_Exercise brief_
If pictures appear in the lines below, skip them and copy exactly the lines from the one containing "星星(XINGX) 268升小型冰柜双温家用双箱冷柜 左冷冻右冷藏" through the one containing "Card #62 CFL, football, vintage, rookie", and nothing else.

_Input records_
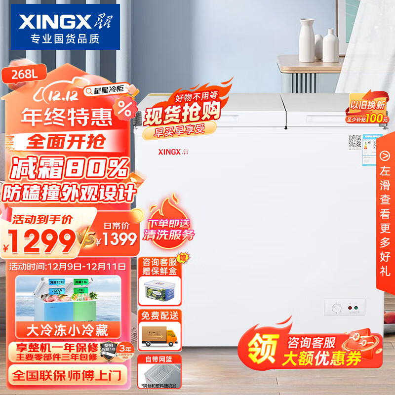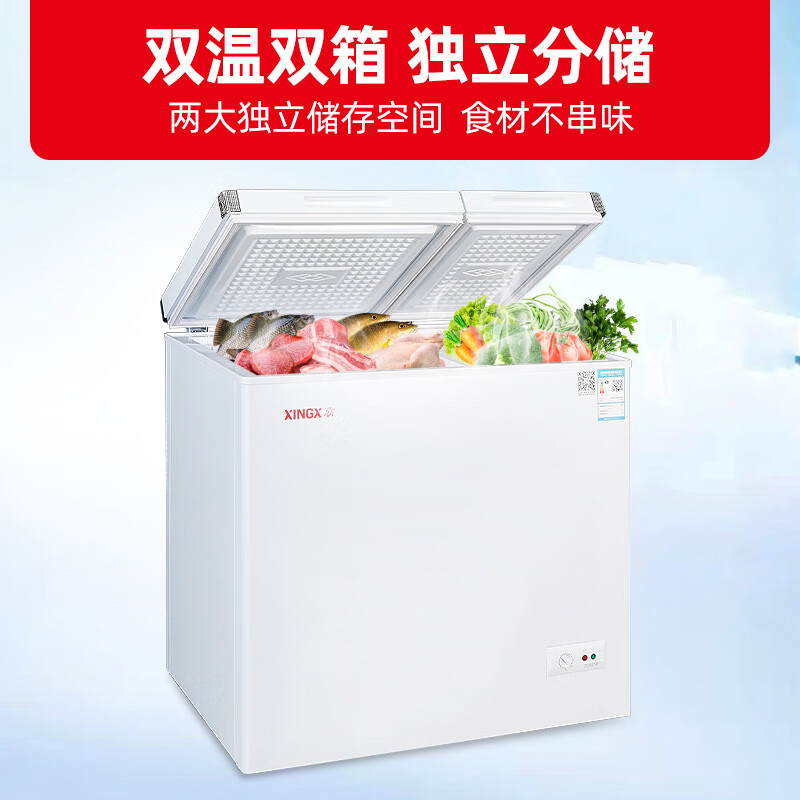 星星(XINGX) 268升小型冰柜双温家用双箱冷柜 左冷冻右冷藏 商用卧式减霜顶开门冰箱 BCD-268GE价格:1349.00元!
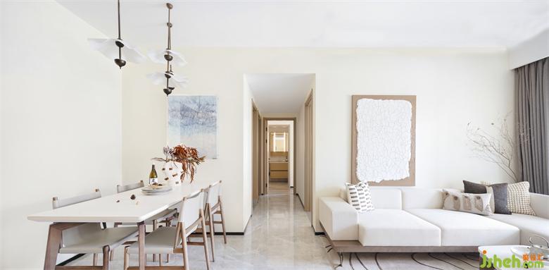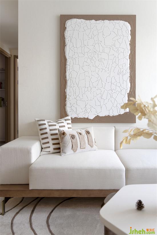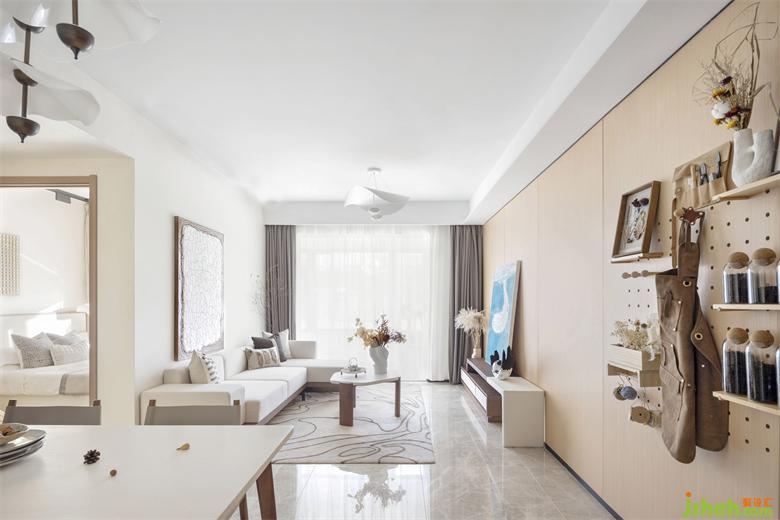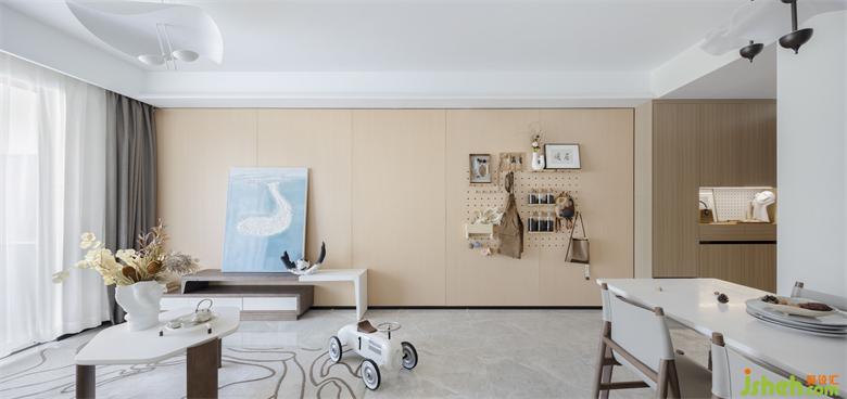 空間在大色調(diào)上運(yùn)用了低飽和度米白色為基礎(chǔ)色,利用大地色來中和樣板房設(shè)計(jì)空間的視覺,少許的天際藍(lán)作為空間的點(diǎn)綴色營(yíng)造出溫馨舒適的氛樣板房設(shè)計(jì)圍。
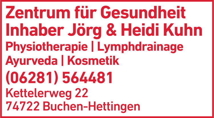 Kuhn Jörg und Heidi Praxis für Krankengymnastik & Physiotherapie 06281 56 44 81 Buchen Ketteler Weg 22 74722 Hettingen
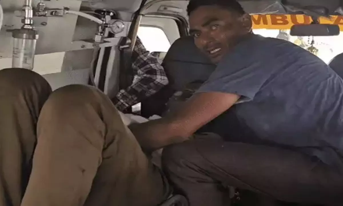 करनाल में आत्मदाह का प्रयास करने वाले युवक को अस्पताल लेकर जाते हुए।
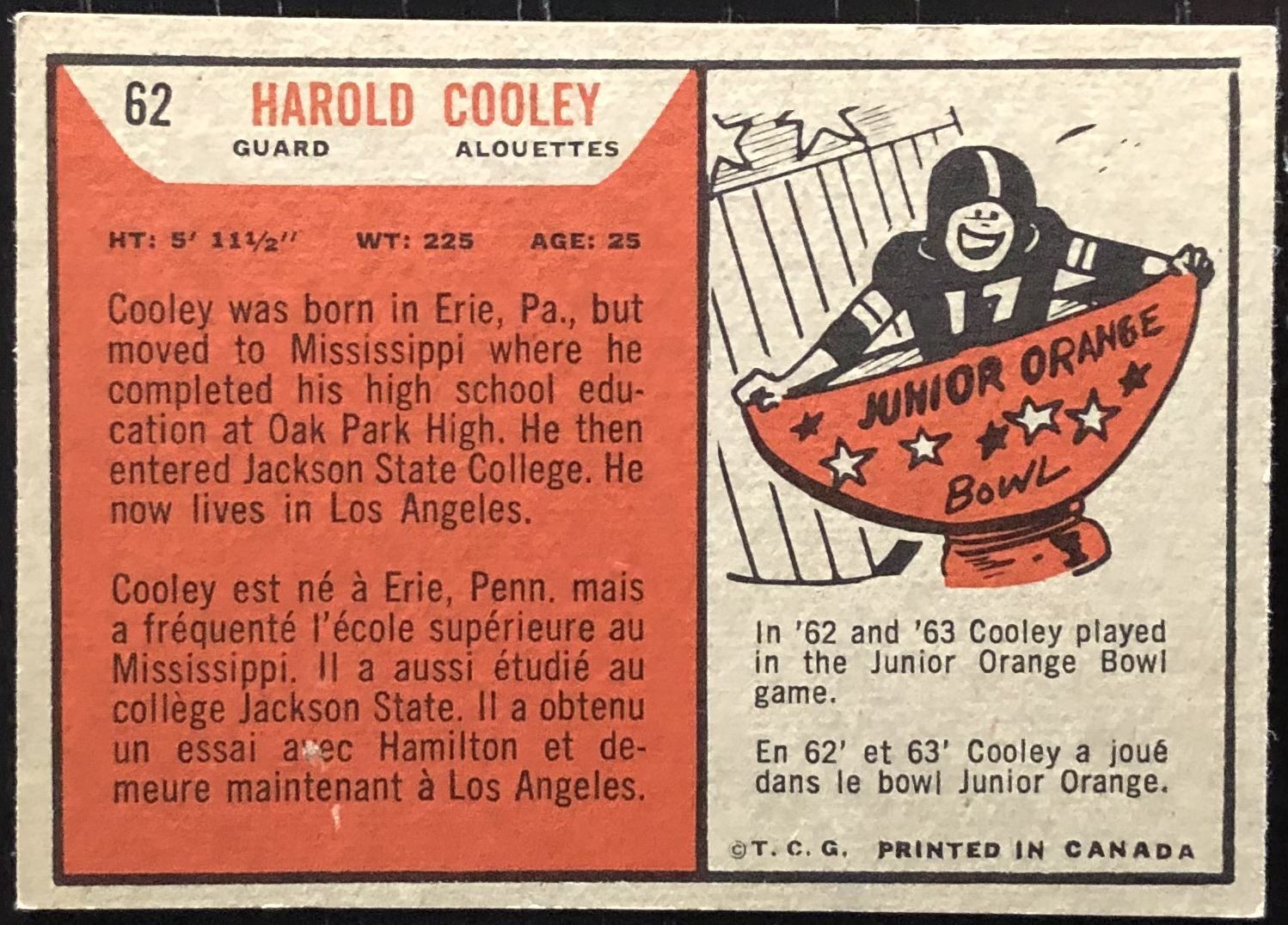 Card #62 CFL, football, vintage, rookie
...
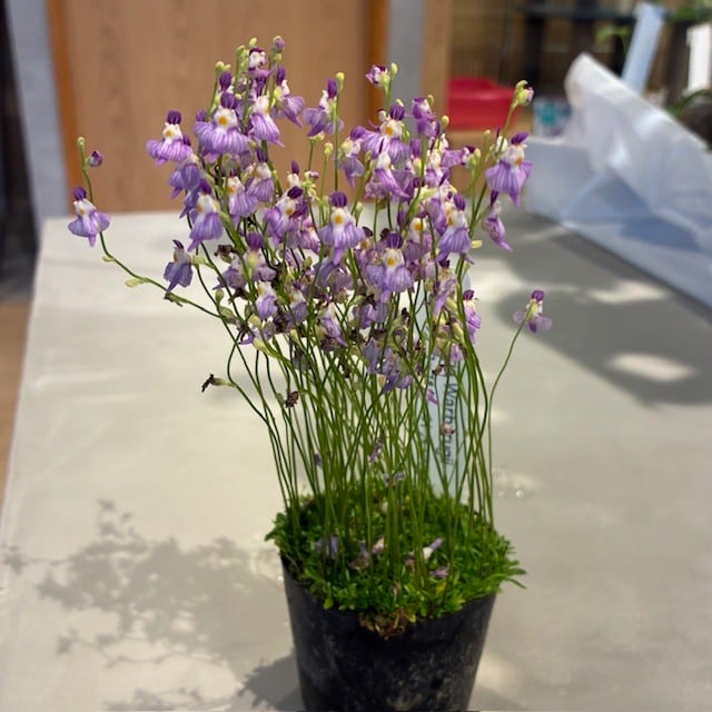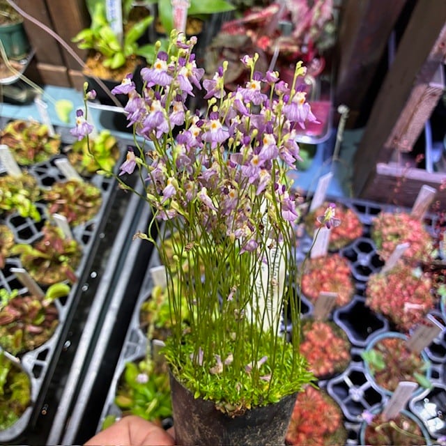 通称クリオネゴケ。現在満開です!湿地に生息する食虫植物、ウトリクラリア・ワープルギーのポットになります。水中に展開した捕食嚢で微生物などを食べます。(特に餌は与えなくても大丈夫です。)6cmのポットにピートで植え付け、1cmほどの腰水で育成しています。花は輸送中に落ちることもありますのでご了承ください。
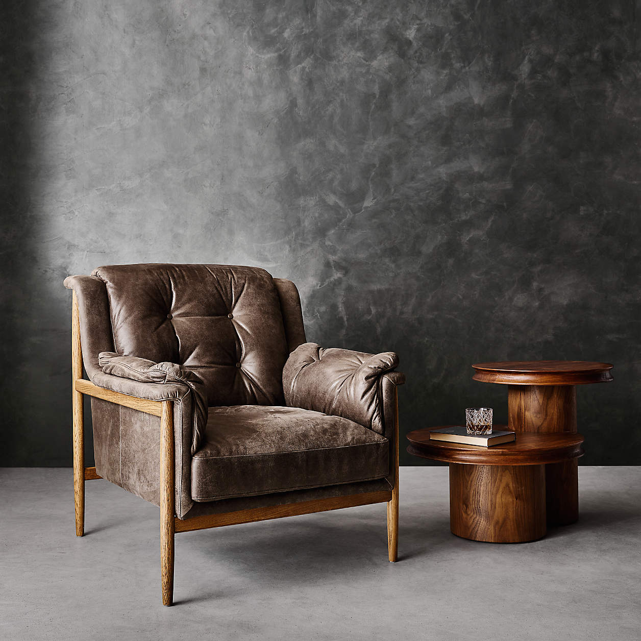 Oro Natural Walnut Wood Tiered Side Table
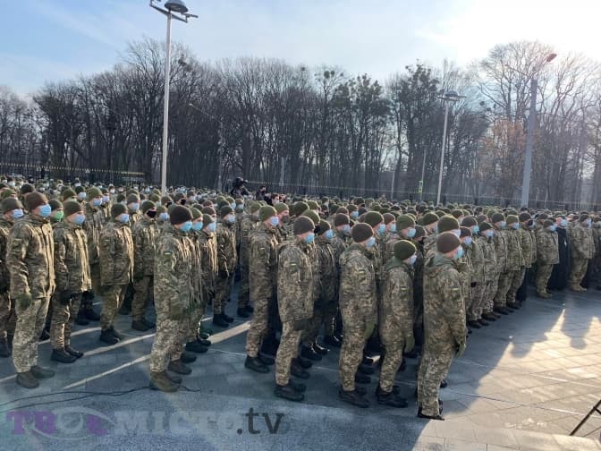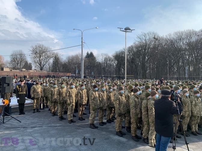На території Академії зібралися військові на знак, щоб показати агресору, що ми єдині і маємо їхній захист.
--
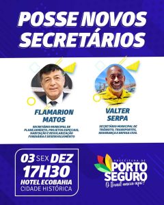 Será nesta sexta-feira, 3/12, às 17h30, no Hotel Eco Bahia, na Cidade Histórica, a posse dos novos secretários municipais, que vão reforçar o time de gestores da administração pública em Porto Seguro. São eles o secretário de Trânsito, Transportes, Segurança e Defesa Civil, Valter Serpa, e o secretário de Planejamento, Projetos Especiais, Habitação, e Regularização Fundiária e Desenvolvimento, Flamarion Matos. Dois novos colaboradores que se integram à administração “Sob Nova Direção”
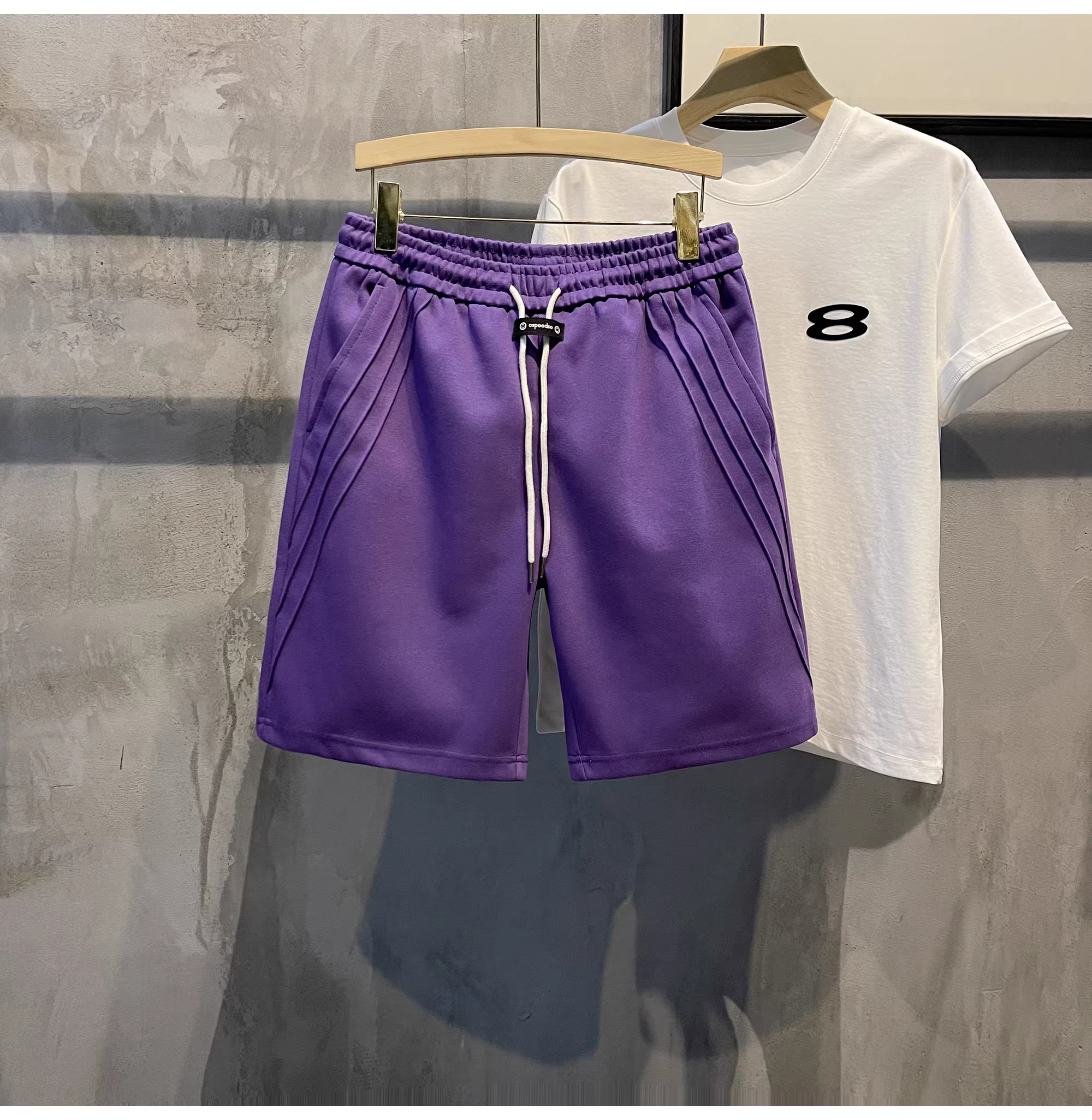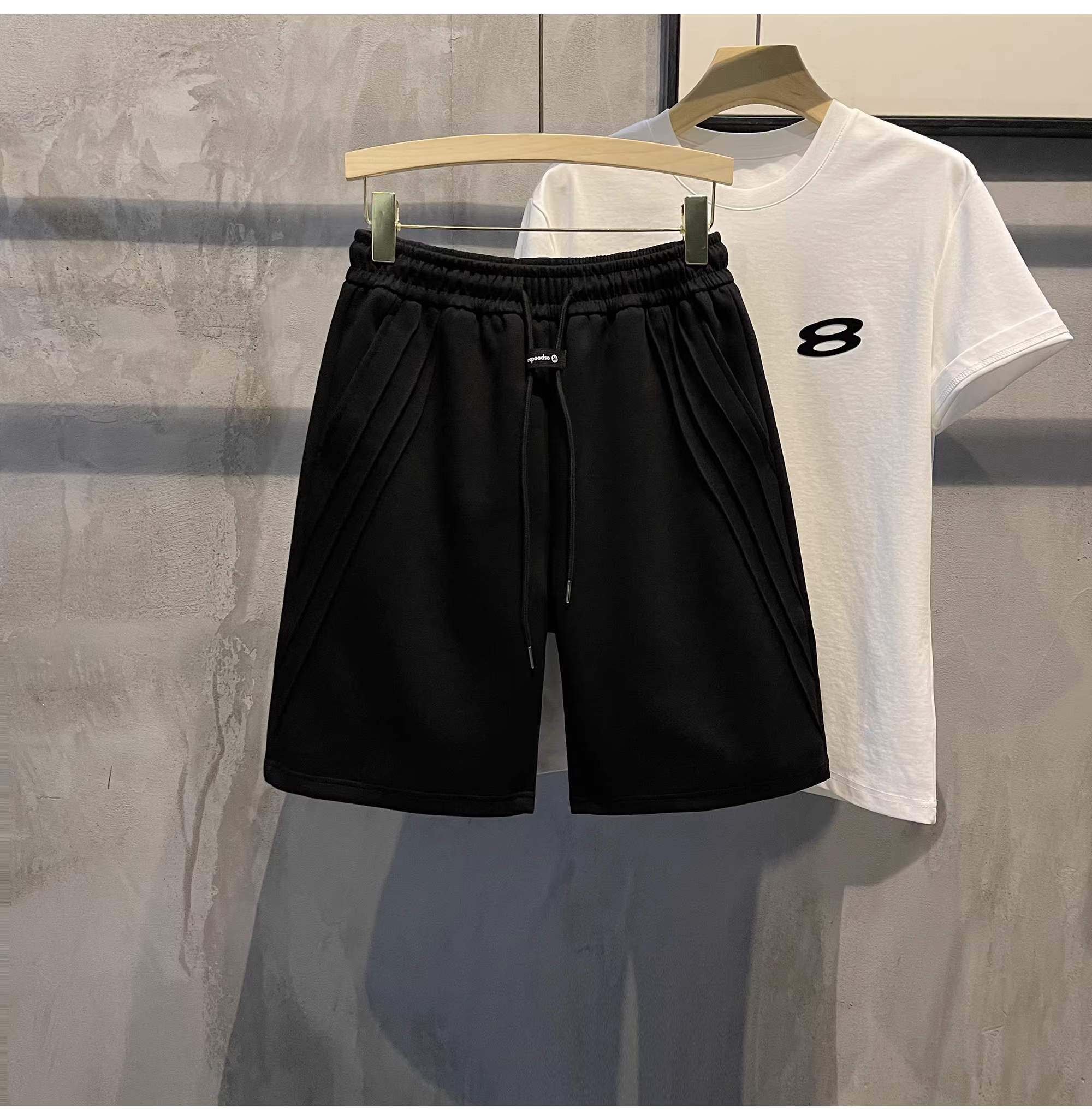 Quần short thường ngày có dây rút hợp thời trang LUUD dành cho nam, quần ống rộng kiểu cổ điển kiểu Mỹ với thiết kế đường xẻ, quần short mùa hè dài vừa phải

_Reply to the task_
 星星(XINGX) 268升小型冰柜双温家用双箱冷柜 左冷冻右冷藏 商用卧式减霜顶开门冰箱 BCD-268GE价格:1349.00元!
 空間在大色調(diào)上運(yùn)用了低飽和度米白色為基礎(chǔ)色,利用大地色來中和樣板房設(shè)計(jì)空間的視覺,少許的天際藍(lán)作為空間的點(diǎn)綴色營(yíng)造出溫馨舒適的氛樣板房設(shè)計(jì)圍。
 Kuhn Jörg und Heidi Praxis für Krankengymnastik & Physiotherapie 06281 56 44 81 Buchen Ketteler Weg 22 74722 Hettingen
 करनाल में आत्मदाह का प्रयास करने वाले युवक को अस्पताल लेकर जाते हुए।
 Card #62 CFL, football, vintage, rookie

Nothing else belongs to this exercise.